Ainda sobre a criminalização liberal da blasfémia

Ainda a propósito de A Inocência dos Muçulmanos e das reacções que tem causado, talvez seja oportuno notar que os defensores liberais da criminalização da blasfémia em nome, não tanto da própria fé, como dos direitos das identidades religiosas e das convicções pessoais de cada um, teriam obrigação de reclamar que fossem retirados da circulação passagens como a que aqui se cita a seguir de O Guardador de Rebanhos, que atentam contra as crenças religiosas mais profundas sabe-se lá de quantos cristãos que se estejam nas tintas para a estética. Ou será menos grave chamar "mala" à Virgem Maria do que insinuar a presença de "versículos satânicos" entre as verdades do Corão ou apresentar a embriaguez como hipótese explicativa de trechos mais ou menos longos da mensagem do Profeta?

Aliás, se virmos bem, as razões que, para o irenismo liberal, deveriam justificar a proscrição de Caiero não se ficam pelos seu desrespeito do pretenso direito dos crentes a verem respeitadas as suas convicções.

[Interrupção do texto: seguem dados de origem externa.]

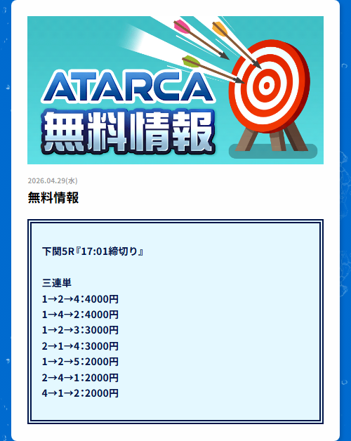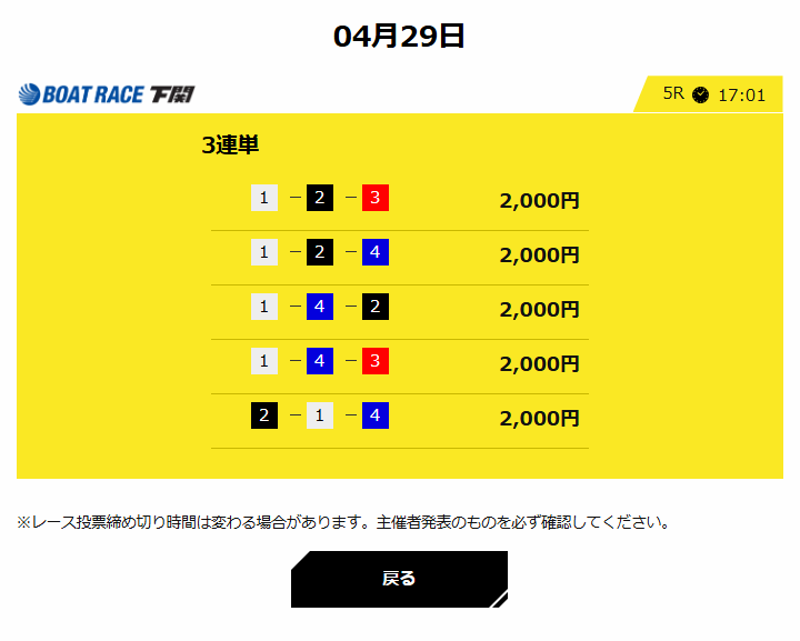 下関競艇で今日4月29日(水)行われる競艇レースの無料予想を掲載しております。

O poema peca também pela utilização de um idioma contaminado por laivos racistas — "um trapo à roda da cintura / Como os pretos nas ilustrações" —, além de configurar um nefando incitamento à destruição do equilíbrio ambiental — que outra coisa chamar, com efeito, a "arrancar flores para as deitar fora"? — que nenhuma sociedade bem ordenada pode hoje permitir-se.


Num meio-dia de fim de primavera 
Tive um sonho como uma fotografia. 
Vi Jesus Cristo descer à terra. 
Veio pela encosta de um monte 
Tornado outra vez menino, 
A correr e a rolar-se pela erva 
E a arrancar flores para as deitar fora 
E a rir de modo a ouvir-se de longe. 



Tinha fugido do céu,
Era nosso demais para fingir
De segunda pessoa da Trindade.
No céu era tudo falso, tudo em desacordo
Com flores e árvores e pedras,
No céu tinha que estar sempre sério
E de vez em quando de se tornar outra vez homem


E subir para a cruz, e estar sempre a morrer
Com uma coroa toda à roda de espinhos
E os pés espetados por um prego com cabeça,
E até com um trapo à roda da cintura
Como os pretos nas ilustrações.
Nem sequer o deixavam ter pai e mãe
Como as outras crianças.
O seu pai era duas pessoas -
Um velho chamado José, que era carpinteiro,
E que não era pai dele;
E o outro pai era uma pomba estúpida,
A única pomba feia do mundo
Porque não era do mundo nem era pomba.
E a sua mãe não tinha amado antes de o ter.


Não era mulher: era uma mala
Em que ele tinha vindo do céu.
E queriam que ele, que só nascera da mãe,
E nunca tivera pai para amar com respeito,
Pregasse a bondade e a justiça!

(…)

Alberto Caeiro,  O Guardador de Rebanhos, VIII.